Using Julia on the compute nodes

There is a Julia module built with Spack available on the compute nodes, but as of this writing (2022-07-23) the version of Julia provided is 1.6.3, so you may want to download a more recent version from the official website. Use the aarch64 builds for Glibc Linux, preferably latest stable or even the nightly build if you feel confident.

To enable full vectorisation you may need to set the environment variable JULIA_LLVM_ARGS="-aarch64-sve-vector-bits-min=512". Example: https://github.com/JuliaLang/julia/issues/40308#issuecomment-901478623. However, note that are a couple of severe bugs when using 512-bit vectors:

• https://github.com/JuliaLang/julia/issues/44401 (may be an upstream LLVM bug: https://github.com/llvm/llvm-project/issues/53331)
• https://github.com/JuliaLang/julia/issues/44263 (only in Julia v1.8+)

Note: Julia v1.9, which is based on LLVM 14, is able to natively autovectorise code for A64FX without having to set JULIA_LLVM_ARGS, side stepping the issues above altogether.

MPI.jl

MPI.jl with default JLL-provided MPICH works out of the box! In order to configure MPI.jl v0.19 to use system-provided Fujitsu MPI (based on OpenMPI) you have to specify the MPI C compiler for A64FX with

julia --project -e 'ENV["JULIA_MPI_BINARY"]="system"; ENV["JULIA_MPICC"]="mpifcc"; using Pkg; Pkg.build("MPI"; verbose=true)'

Note #1: mpifcc is available only on the compute nodes. On the login nodes that would be mpifccpx, but this is the cross compiler running on Intel architecture, it's unlikely you'll run an aarch64 Julia on there. Preliminary tests show that MPI.jl should work mostly fine with Fujitsu MPI, but custom error handlers may not be available (read: trying to use them causes segmentation faults).

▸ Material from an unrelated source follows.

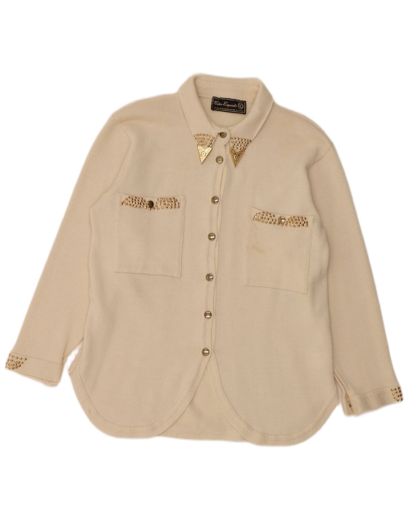 CIRO ESPOSITO Ženska pletena košulja bluza UK 14 Large Off White Wool
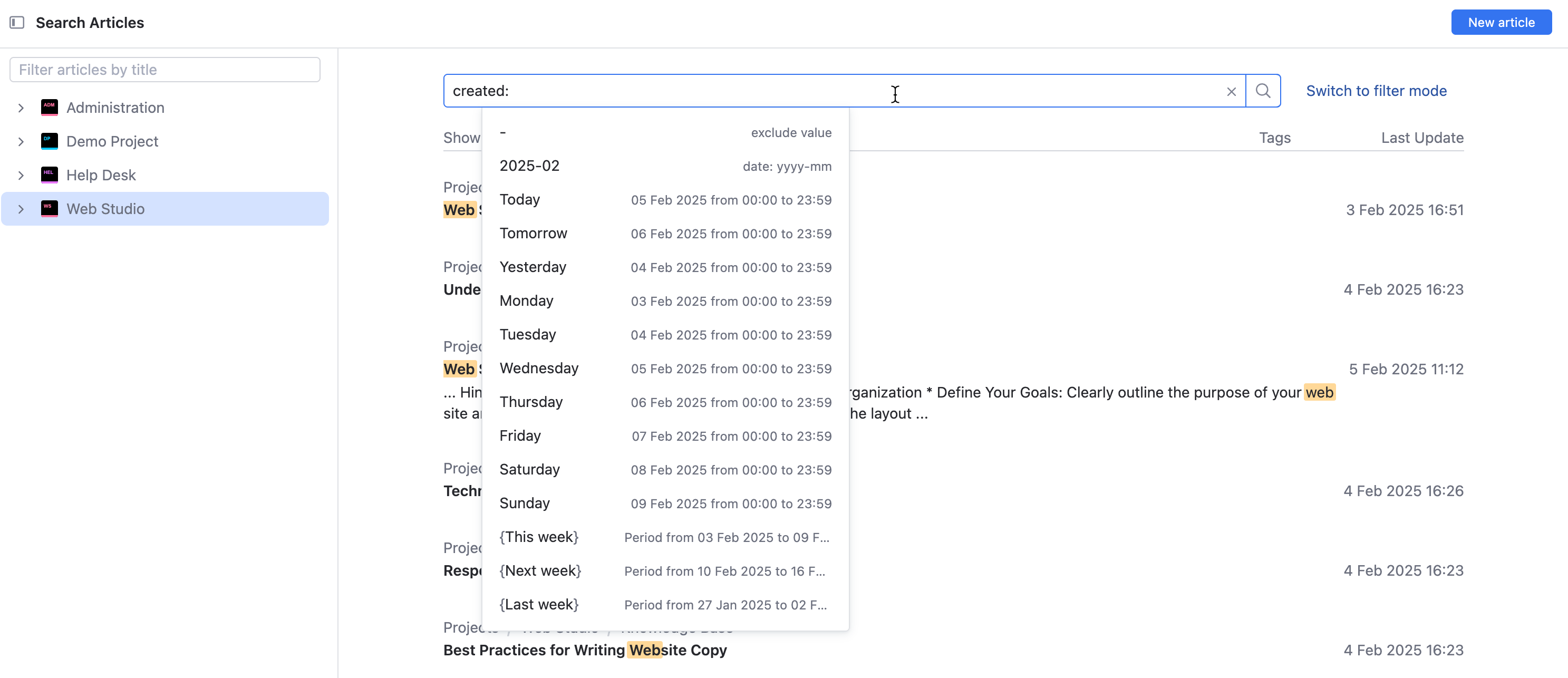 | To find all articles created on or before March 10, 2018, enter To find articles with tags that start with To find articles that contain image attachments in PNG format, enter |

Note #2: in MPI.jl v0.20 Fujitsu MPI is a known ABI (it's the same as OpenMPI) and there is nothing special to do to configure it apart from choosing the system binaries.

Note #3: we recommend using MPI.jl's wrapper of mpiexec to run MPI applications with Julia: mpiexecjl.

File system latency

Fugaku has an advanced system to handle parallel file system latency. In order. In order to speed up parallel applications run through MPI you may want to distribute it to the cache area of the second-layer storage on the first-layer storage using llio_transfer. In particular, if you're using Julia, you likely want to distribute the julia executable itself together with its installation bundle.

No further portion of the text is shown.